But what they encountered was angry, unarmed young people. Some at first tried to block tanks by sitting in front of them, but they quickly realized that they would simply be run over, as were walls, cars, and anything else that stood in the way of these clanking steel giants. In Bratislava girls seductively pulled up their miniskirts, and while Soviet tank and truck drivers stopped to ogle young Slovak thighs, young men ran up and smashed headlights with rocks and managed to set some oil drums on fire. A tank column from Hungary noisily squeaked and rumbled across the Danube bridge into Bratislava as university students cursed and threw bricks. A Soviet soldier dropped to firing position on the back of a tank and shot and killed a fifteen-year-old nursing student. The crowd that had gathered became furious, but the Soviets fired a few more rounds, killing another four unarmed people. The Soviets moved 175,000 troops against young Czechs and Slovaks throwing stones and bricks, which rang like off-key bells against the armor plating of unstoppable tanks.

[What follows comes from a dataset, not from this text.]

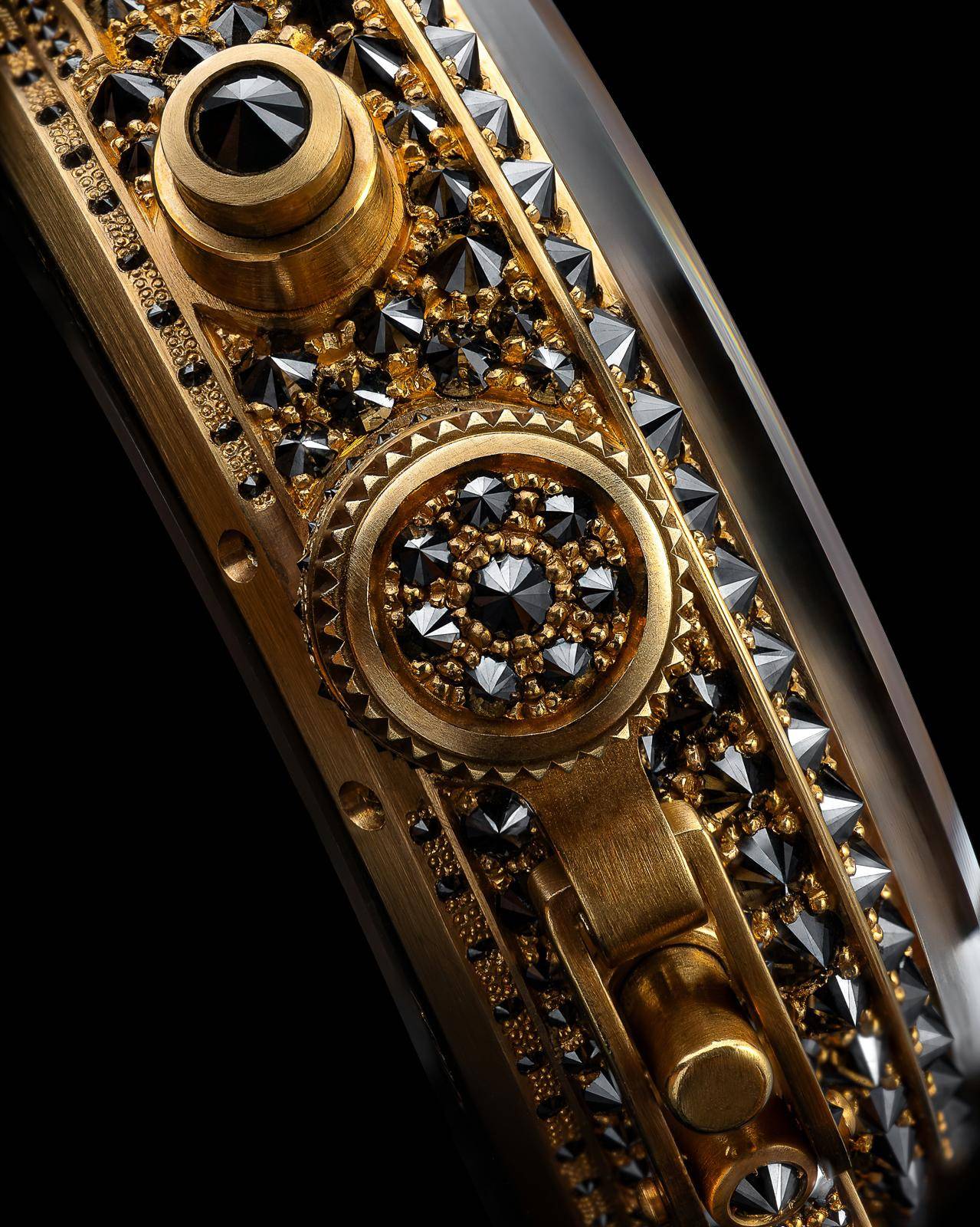 Un’opera irripetibile, nata per un solo polso. Il Classico che si trasforma in scultura: una monumentale cassa in oro giallo accoglie diamanti neri incastonati al contrario, amplificando la rifrazione e trasformando la luce in una presenza oscura, vibrante. Un solo esemplare. Una sola storia. Il CHIMERA UNICO 43 MM: Acciaio per la forza, oro per l’anima. Il quadrante verde si impone con chiarezza assoluta, leggibile, diretto. Meccanica autentica, carattere netto. Un pezzo unico per chi sceglie l’essenza senza compromessi.

By daybreak, August 21, every town of any size in the country was under the control of armored divisions. The foreign press reported spectacular acts of futile defiance. In Prague a legless World War II veteran dared tanks to roll over him. A girl ducked past the bayonets of a tank crew to mark a swastika on their tank. The Soviets were attacked with burning rags and Molotov cocktails. A few tanks burst into flames, and one ammunition truck exploded. Young men wrapped themselves in Czech flags and charged tanks armed only with empty cans to stuff down the barrels. Flaming rags were dropped on tanks, and more of them caught fire. Scraps of furniture, car parts, and trees were tossed across streets for barricades. The tanks rolled effortlessly over them. On Thursday and Friday one-hour nationwide work stoppages were announced by the honking of horns. In one small village a tank column was turned back from a bridge by villagers who would not move. In Bratislava brown paper was stuck over tank periscopes to momentarily blind crews, and some tanks were set on fire.

For the first time in almost two decades, Czechoslovakians had been allowed to spend their summer vacation abroad. This was the news from home they were picking up on radio, television, and newspapers. Frantisek Kraus had recently died from his wartime ailments. Alice and their son Tomas were visiting friends in West Berlin. Reading the news, they were in no hurry to return.

The Skala family, on vacation in Denmark, started picking out the words Czechoslovakia and Prague in Danish conversations. Then they turned on the television and saw their hometown. The airport, the national museum, and the television center were shot up. At least twenty people had been killed in Prague alone. Russian troops had torn up the Czech Writers Union with crowbars.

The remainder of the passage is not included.